This is simplified code, which would be called from pressing a button in my main JFrame class. Using this code, and then dismissing one of the resulting dialogs, causes all of my active windows in my Java session to either lock up or just go away.
//Broken code
private void buttonActionPerformed(java.awt.event.ActionEvent evt) {
List<JFrame> frameList = new ArrayList<>();
frameList.add(new TestJFrame());
frameList.add(new TestJFrame());
frameList.forEach(frame -> frame.setVisible(true));
frameList.forEach(frame -> {
SwingUtilities.invokeLater(() -> {
JOptionPane.showMessageDialog(frame, "Msg", "Title", 0);
frame.setVisible(false);
frame.dispose();
});
});
}
However, if I were to remove the SwingUtilities.invokeLater()

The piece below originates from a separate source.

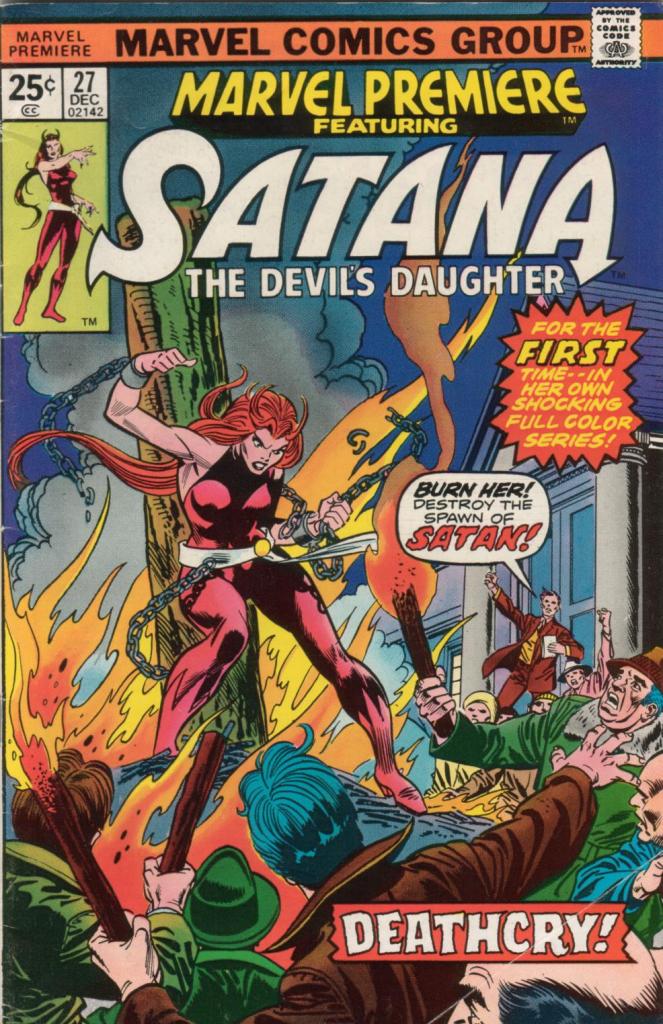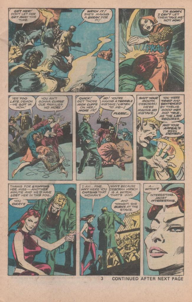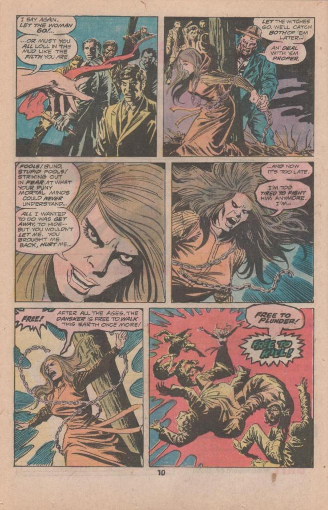 All that said, this is a pretty dumb story. It opens with Satana, the devil’s daughter, on a random street, where she’s knocked into by a fleeing woman. The girl is being pursued by an angry mob, the leader of which tells Satana that the lady has been found guilty of being a witch, and must be put to death by burning. Right away, this is an awesomely stupid thing to be telling some random person you just ran into. And indeed, after preparations have been made, the witch-burning is interrupted by Satana–for really no good reason at all, she’s decided to intervene. In a very Claremontian moment, when one of the mob men tries to waylay her, Satana makes him crawl in the mud like an animal. But whoops, it turns out that the woman really is possessed, by a demon called Dansker, a demon who had once been Satana’s tutor in Hell. Heck of a coincidence there.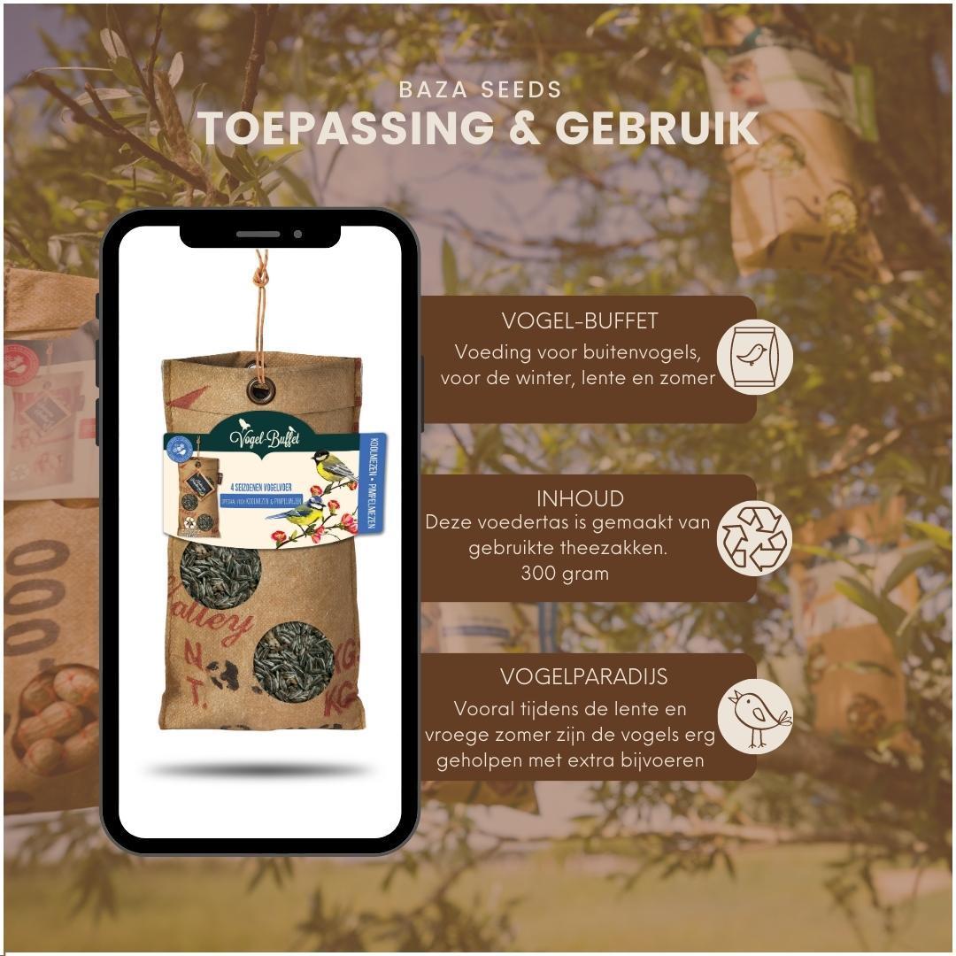 De zak is ontworpen voor eenvoudig gebruik, zodat je snel een handig voederstation kunt creëren. Hang de zak op in je tuin en bied de vogels een veilige plek om te genieten van hun maaltijd. Het is een leuke en gemakkelijke manier om de natuur dichterbij te halen!

section then it works like I would expect (dialog pops up, close the dialog, window goes away, repeat).
//Working code
private void buttonActionPerformed(java.awt.event.ActionEvent evt) {
List<JFrame> frameList = new ArrayList<>();
frameList.add(new TestJFrame());
frameList.add(new TestJFrame());
frameList.forEach(frame -> frame.setVisible(true));
frameList.forEach(frame -> {
//SwingUtilities.invokeLater(() -> {
JOptionPane.showMessageDialog(frame, "Msg", "Title", 0);
frame.setVisible(false);
frame.dispose();
//});
});
}
I'd rather not use the second one because the actual code is being started in a background thread that is notifying a set of listeners, so if I were to use the second one then it would block up the thread and slow down listeners until the user responds (when I could be processing during that time). What about the invokeLater()
is breaking me? Is this expected behavior?
NOTE: This is simplified code pulled out of how I'm actually using it, but the core issue still exists (I have multiple JFrame
s, and if multiple JOptionPane.showMessageDialog()
s were put on invokeLater()
s for different JFrame
s then it breaks me. I tested the above code with a new, isolated, JFrame
class created in Netbeans and was able to reproduce the error.
EDIT: I can't seem to reproduce the error in Windows, only seems to happen in Linux.